A student studying for a vocabulary test knows the meanings of 12 words from a list of 26 words. If the test contains 10 words from the study list, what is the probability that at least 8 of the words on the test are words that the student knows? (Round your answer to three decimal places.)

I think this is a binomial distribution question.
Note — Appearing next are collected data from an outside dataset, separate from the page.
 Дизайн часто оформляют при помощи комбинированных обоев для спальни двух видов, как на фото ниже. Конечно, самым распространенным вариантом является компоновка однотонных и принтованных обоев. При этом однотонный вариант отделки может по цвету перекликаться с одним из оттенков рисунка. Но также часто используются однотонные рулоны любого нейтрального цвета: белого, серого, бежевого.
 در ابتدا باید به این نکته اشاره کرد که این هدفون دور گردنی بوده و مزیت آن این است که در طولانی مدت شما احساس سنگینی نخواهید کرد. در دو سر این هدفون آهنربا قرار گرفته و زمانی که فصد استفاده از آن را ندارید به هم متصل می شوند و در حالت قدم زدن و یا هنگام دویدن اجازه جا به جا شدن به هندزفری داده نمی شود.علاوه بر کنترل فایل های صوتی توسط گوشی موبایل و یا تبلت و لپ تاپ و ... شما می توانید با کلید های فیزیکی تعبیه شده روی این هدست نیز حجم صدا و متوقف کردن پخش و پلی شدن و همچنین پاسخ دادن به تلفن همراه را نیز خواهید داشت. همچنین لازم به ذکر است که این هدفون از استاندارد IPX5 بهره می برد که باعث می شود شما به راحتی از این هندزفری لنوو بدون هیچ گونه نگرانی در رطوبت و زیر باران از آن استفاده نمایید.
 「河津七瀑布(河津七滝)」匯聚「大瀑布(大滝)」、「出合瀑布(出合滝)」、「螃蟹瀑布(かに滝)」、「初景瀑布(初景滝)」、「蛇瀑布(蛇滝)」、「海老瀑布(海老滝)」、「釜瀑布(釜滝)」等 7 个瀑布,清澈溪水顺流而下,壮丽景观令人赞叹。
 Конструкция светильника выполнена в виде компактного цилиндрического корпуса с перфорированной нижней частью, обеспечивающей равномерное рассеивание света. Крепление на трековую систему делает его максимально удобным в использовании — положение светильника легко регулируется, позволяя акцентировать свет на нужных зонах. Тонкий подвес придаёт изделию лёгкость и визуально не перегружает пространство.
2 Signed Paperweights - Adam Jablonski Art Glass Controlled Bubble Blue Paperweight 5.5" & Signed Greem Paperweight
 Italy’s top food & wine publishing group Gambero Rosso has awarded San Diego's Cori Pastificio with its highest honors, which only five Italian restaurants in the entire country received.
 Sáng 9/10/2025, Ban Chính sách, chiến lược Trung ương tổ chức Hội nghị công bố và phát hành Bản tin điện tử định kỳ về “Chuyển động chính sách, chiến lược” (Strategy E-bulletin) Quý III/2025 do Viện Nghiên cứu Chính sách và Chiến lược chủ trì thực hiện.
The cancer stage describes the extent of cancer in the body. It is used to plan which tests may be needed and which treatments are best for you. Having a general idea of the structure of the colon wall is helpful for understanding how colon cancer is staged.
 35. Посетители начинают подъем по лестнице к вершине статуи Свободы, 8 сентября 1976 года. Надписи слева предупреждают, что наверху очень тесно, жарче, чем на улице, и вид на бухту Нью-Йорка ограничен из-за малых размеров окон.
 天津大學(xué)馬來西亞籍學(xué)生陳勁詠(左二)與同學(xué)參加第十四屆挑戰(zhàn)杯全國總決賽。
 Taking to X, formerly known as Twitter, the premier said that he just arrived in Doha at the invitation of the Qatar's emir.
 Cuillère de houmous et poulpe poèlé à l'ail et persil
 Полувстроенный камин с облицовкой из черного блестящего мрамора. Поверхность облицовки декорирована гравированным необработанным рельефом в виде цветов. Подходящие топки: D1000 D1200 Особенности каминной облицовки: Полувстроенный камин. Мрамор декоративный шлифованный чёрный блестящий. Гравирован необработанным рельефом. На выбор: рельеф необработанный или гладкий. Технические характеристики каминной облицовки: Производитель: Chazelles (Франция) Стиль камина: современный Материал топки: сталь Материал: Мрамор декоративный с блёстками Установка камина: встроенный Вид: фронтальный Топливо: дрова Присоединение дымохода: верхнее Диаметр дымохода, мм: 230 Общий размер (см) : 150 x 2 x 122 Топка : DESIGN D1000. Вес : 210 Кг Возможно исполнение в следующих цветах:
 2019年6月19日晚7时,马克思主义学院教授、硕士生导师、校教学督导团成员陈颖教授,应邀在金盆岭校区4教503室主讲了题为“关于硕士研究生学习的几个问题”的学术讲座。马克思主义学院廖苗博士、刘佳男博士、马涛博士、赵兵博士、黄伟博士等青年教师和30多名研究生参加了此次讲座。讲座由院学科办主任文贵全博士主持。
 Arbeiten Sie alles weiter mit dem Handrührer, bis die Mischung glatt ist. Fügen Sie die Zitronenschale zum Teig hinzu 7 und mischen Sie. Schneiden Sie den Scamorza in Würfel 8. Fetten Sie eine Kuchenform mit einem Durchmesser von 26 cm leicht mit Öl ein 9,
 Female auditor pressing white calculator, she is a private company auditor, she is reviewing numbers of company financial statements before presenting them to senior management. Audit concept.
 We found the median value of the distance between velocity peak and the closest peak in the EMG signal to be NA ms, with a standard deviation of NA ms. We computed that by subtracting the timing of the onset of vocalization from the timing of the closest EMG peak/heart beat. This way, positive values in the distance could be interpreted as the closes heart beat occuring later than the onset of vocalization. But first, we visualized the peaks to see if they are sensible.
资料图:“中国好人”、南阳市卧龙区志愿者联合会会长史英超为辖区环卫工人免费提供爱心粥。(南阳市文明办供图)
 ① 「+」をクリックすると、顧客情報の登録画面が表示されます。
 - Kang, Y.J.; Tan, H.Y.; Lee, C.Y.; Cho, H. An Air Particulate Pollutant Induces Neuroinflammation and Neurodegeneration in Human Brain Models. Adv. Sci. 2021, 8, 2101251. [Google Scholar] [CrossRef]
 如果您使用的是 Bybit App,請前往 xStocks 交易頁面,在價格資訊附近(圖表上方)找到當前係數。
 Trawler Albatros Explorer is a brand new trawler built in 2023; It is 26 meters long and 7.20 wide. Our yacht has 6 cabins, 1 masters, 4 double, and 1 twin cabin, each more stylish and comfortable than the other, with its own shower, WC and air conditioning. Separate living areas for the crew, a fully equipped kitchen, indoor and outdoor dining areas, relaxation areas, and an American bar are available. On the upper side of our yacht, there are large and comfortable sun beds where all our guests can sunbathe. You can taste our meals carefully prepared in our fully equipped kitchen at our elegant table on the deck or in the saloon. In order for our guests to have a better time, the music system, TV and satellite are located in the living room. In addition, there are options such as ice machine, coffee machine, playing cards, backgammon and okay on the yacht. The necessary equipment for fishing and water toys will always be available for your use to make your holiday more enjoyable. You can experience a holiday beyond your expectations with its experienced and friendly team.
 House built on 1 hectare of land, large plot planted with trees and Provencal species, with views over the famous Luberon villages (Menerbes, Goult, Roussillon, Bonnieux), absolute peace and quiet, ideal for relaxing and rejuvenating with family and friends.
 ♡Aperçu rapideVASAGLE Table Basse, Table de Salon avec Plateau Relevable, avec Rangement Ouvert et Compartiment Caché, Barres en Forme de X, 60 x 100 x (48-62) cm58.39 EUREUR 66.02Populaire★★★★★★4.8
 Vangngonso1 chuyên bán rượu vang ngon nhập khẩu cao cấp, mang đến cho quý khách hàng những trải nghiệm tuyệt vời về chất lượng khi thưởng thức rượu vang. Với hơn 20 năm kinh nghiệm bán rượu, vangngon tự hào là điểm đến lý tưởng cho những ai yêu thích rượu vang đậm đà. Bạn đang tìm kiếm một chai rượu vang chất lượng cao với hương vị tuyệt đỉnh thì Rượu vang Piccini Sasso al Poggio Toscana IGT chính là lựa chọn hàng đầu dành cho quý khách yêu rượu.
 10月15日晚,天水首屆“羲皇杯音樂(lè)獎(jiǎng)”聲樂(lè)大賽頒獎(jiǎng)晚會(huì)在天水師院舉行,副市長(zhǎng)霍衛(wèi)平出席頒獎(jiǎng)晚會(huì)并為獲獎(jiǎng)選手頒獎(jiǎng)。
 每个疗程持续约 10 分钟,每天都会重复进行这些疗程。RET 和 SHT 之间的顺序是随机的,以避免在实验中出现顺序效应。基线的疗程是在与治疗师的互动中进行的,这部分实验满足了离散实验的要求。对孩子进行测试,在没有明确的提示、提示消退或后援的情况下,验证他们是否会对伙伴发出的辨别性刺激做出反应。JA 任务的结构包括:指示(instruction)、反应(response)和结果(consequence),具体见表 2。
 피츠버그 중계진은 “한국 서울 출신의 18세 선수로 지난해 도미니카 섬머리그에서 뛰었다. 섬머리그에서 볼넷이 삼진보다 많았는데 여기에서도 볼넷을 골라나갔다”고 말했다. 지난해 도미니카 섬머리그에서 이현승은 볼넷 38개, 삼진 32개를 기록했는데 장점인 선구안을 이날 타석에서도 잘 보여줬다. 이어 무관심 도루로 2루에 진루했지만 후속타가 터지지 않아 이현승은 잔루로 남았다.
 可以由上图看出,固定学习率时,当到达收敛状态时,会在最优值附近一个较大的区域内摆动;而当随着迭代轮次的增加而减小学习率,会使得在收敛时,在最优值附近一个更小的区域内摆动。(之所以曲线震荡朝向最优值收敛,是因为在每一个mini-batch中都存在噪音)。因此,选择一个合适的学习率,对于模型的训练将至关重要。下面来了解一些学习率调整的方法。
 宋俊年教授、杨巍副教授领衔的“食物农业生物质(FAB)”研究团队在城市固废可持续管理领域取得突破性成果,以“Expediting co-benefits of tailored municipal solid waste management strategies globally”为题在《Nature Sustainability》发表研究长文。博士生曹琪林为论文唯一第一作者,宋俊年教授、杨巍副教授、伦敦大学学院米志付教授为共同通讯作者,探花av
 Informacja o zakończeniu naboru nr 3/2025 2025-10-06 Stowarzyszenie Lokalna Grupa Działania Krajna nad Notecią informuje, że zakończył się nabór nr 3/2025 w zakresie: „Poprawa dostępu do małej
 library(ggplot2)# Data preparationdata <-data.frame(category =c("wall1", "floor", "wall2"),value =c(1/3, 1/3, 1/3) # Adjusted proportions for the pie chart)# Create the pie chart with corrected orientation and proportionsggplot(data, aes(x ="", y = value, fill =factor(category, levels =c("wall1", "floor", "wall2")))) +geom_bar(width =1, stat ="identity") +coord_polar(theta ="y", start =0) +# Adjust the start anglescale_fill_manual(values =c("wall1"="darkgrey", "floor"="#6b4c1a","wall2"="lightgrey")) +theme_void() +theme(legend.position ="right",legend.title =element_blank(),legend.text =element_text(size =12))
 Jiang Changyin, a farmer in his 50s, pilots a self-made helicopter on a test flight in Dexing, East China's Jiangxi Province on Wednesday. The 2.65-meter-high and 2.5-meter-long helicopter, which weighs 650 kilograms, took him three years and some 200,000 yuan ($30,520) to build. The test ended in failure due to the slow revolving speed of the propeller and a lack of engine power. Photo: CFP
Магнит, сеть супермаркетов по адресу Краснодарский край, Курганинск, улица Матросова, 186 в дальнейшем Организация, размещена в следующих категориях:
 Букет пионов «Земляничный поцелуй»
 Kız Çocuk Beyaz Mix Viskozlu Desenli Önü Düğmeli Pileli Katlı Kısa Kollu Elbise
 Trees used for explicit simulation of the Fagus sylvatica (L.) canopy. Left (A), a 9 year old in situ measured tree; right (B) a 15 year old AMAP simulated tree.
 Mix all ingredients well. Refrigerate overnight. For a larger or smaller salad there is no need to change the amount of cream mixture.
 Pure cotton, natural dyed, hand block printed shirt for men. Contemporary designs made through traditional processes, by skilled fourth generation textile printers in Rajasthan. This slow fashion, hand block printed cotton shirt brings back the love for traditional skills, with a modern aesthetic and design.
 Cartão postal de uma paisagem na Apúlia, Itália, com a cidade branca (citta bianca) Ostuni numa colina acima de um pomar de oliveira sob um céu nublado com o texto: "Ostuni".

prob(knows) = 12/26 = 6/13
prob(not know) = 7/13

prob(students knows at least 8 of 10)
= prob(8of10) + prob(9of10) + prob(10of10)
= C(10,8)(6/13)^8 (7/13)^2 + C(10,9) (6/13)^9 (7/13) + C(10,10) (6/10)^10
= (you do the button pushing)

I CAME UP WITH .03802863003057
however that is wrong.
did exactly as mentions above

(45) (.0020590) (.2899408) === .0268644
+
(10) (.0009503) (.5384615) === .00511699
+
(1) (.0060466) === .0060466

PLEASE HELP

Here you have a small population N=26
and two classes of identical objects, known and not known. Also, the samples are taken without replacement (we don't get to have the same word tested twice in the same test).

Let
K=number of known words = 12
U=number of unknown words = 26-12=14
k=number of known words in the test (sample)
u=number of unknown words in the test = 10-k

Then
P(k)=C(K,k)C(U,u)/C(K+U,k+u)
and
P(8)=C(12,8)C(14,2)/C(26,10)=63/7429
P(9)=C(12,9)C(14,1)/C(26,10)=56/96577
P(10)=C(12,10)C(14,0)/C(26,10)=6/482885
Sum=337/37145=?

you guys are literally no help at all please get smarter.